Have you tried Prima Amigo?

Seriously well impressed. Tried it today with a soft pad via rotary on low speed (600-900rpm) and WOW amazing!!! Far better than SRP or tripple.



nick_mcuk said:


> Errr yes it is....allbeit a very fine one thats filler heavy SRP doesn have some element of cut in it.


I really disagree with you on so many levels.
What detailer would use SRP as a polish when correcting a car? you simply wouldn't.

It has about as much cut as a wet fish!! :lol:

It's far far lighter than even a finishing polish like SF4000 or even SF Ultrafina (which I've been trying today and it's an awesome polish late to the party though).

It won simply because people think it's a polish (even though it's more of a glaze/pre-wax cleanser to be honest) and you can buy it in halfords.


----------



## suspal (Dec 29, 2011)

Autoglym srp wins hands down and the bonus for you is the volume you're getting,that will go further than a product in fancy packaging that alone i consider value for money.


----------



## xJay1337 (Jul 20, 2012)

Doesn't change the point that it's not a polish though...

It absolutely has it's place and I'd never be without it but a polish it is not!!!

As said before it's always going to get the choice over Tripple because you can buy 1L of it for £12 as opposed to roughly the same price for 500ml of Tripple (currently 8 quid for 250ml on CYC), not to mention the 3-for-2 deals at Halfords meaning 3L of SRP for under £25 the equivalent amount of Tripple would cost you nearly 60 quid.


----------



## nick_mcuk (Jan 4, 2008)

xJay1337 said:


> Doesn't change the point that it's not a polish though...
> 
> It absolutely has it's place and I'd never be without it but a polish it is not!!!
> 
> As said before it's always going to get the choice over Tripple because you can buy 1L of it for £12 as opposed to roughly the same price for 500ml of Tripple (currently 8 quid for 250ml on CYC), not to mention the 3-for-2 deals at Halfords meaning 3L of SRP for under £25 the equivalent amount of Tripple would cost you nearly 60 quid.


But it is a polish what are you on about??

It has cut and will remove defects ergo it's a polish!


----------



## Leebo310 (Sep 30, 2013)

nick_mcuk said:


> But it is a polish what are you on about??
> 
> It has cut and will remove defects ergo it's a polish!


And the fact it's called Super Resin POLISH....


----------



## Blueberry (Aug 10, 2007)

nick_mcuk said:


> But it is a polish what are you on about??
> 
> It has cut and will remove defects ergo it's a polish!


Does it really cut? It's full of fillers therefore filling said defects.


----------



## millns84 (Jul 5, 2009)

xJay1337 said:


> Have you tried Prima Amigo?
> 
> Seriously well impressed. Tried it today with a soft pad via rotary on low speed (600-900rpm) and WOW amazing!!! Far better than SRP or tripple.
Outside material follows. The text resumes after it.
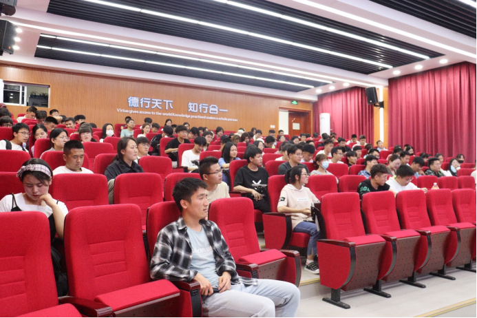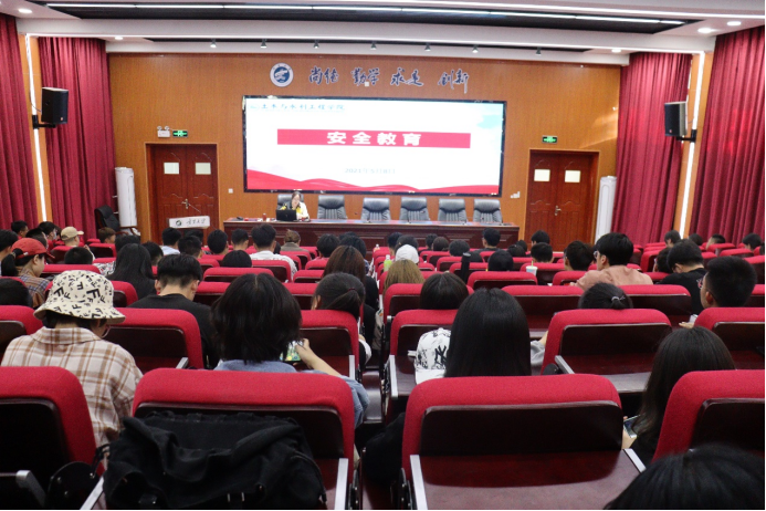 在知行楼三楼报告厅举行安全教育培训讲座,学生办公室主任王娜主讲,各团支部班干部参加此次讲座。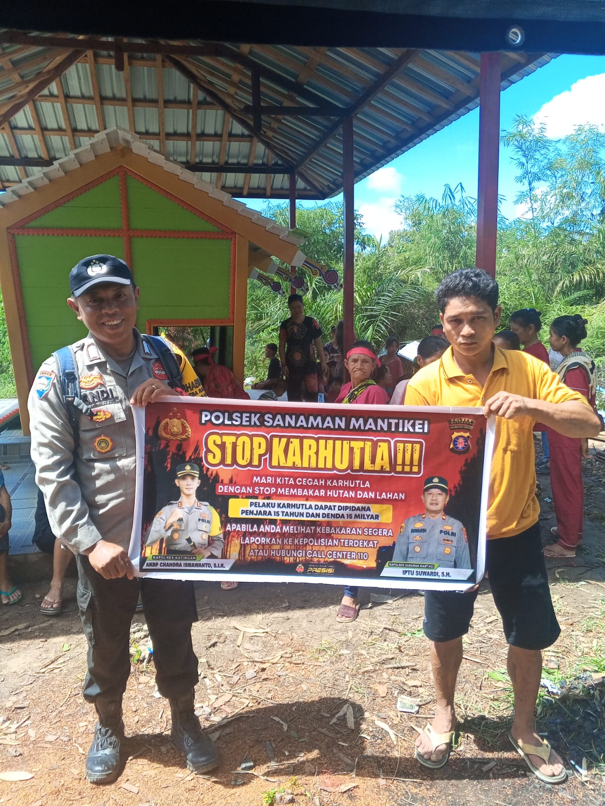 Polres Katingan- Personil Polsek Sanaman Mantikei melakukan sosialisasi larangan membuka hutan dan lahan dengan cara di bakar di wilayah Kecamatan Sanaman Mantikei, Jumat (17/10/2025).

No but it's something that has interested me for a while. I saw the hype when it first appeared but I always wait to see if people are still talking about it years later which they are.

I've got blackhole too which I've not used for about 4 years but will probably give it a go soon now that I've got a dark car.

Another finishing polish/glaze to consider is 3m Polishing Pad Glaze (I've got the 'dark' one). You NEVER see it mentioned on here but it's great. Imagine blackhole but designed to remove marring from compounding. It's got decent filling levels too but the wet look it leaves behind is something else. A bit of a hidden gem


----------



## gally (May 25, 2008)

Blueberry said:


> Does it really cut? It's full of fillers therefore filling said defects.


It has light abrasives. It always has. Think Lime Prime idea.

Next Jay will be telling us LP isn't a polish.


----------



## DJ X-Ray (Sep 2, 2012)

Blueberry said:


> *Does it really cut?* It's full of fillers therefore filling said defects.


 Yeah, it's only minimal but it does


----------



## Kimo (Jun 7, 2013)

Well I've done the same car by hand twice now. Once with srp and once with tripple

Im certain to say that next time shall be with tripple too. So much easier to use, less dusty and the finish just looked a lot sharper and glossier

Also there is somewhere on here with free delivery this weekend and has tripple on a special offer at the same time


----------



## gally (May 25, 2008)

Tripple is an easier product to use. There is no doubt about that.


----------



## greymda (Feb 16, 2014)

i wonder how many cars can do a 250ml bottle of tripple


----------



## taylor8 (Mar 26, 2010)

gally said:


> Tripple is an easier product to use. There is no doubt about that.


Yes id agree with that:thumb:



greymda said:


> i wonder how many cars can do a 250ml bottle of tripple


Not sure ive done my Insignia VXR 2 times and prob have enough for another 2 but i did use quiet a bit the first time


----------



## Kimo (Jun 7, 2013)

greymda said:


> i wonder how many cars can do a 250ml bottle of tripple


I've done 3 cars so far and still have 3/4 left

You don't need much


----------



## nick_mcuk (Jan 4, 2008)

SRP new formulation (I use Radiant Wax....same thing but trade version) is deffo less dusty then Tripple by a long way.

But like anything if you use too much its going to dust....hell even Zaino will dust if you use too much of it!



Blueberry said:


> Does it really cut? It's full of fillers therefore filling said defects.


It does contain light abrasives as well as fillers....deffo has cut though as you can actually polish out light scratches.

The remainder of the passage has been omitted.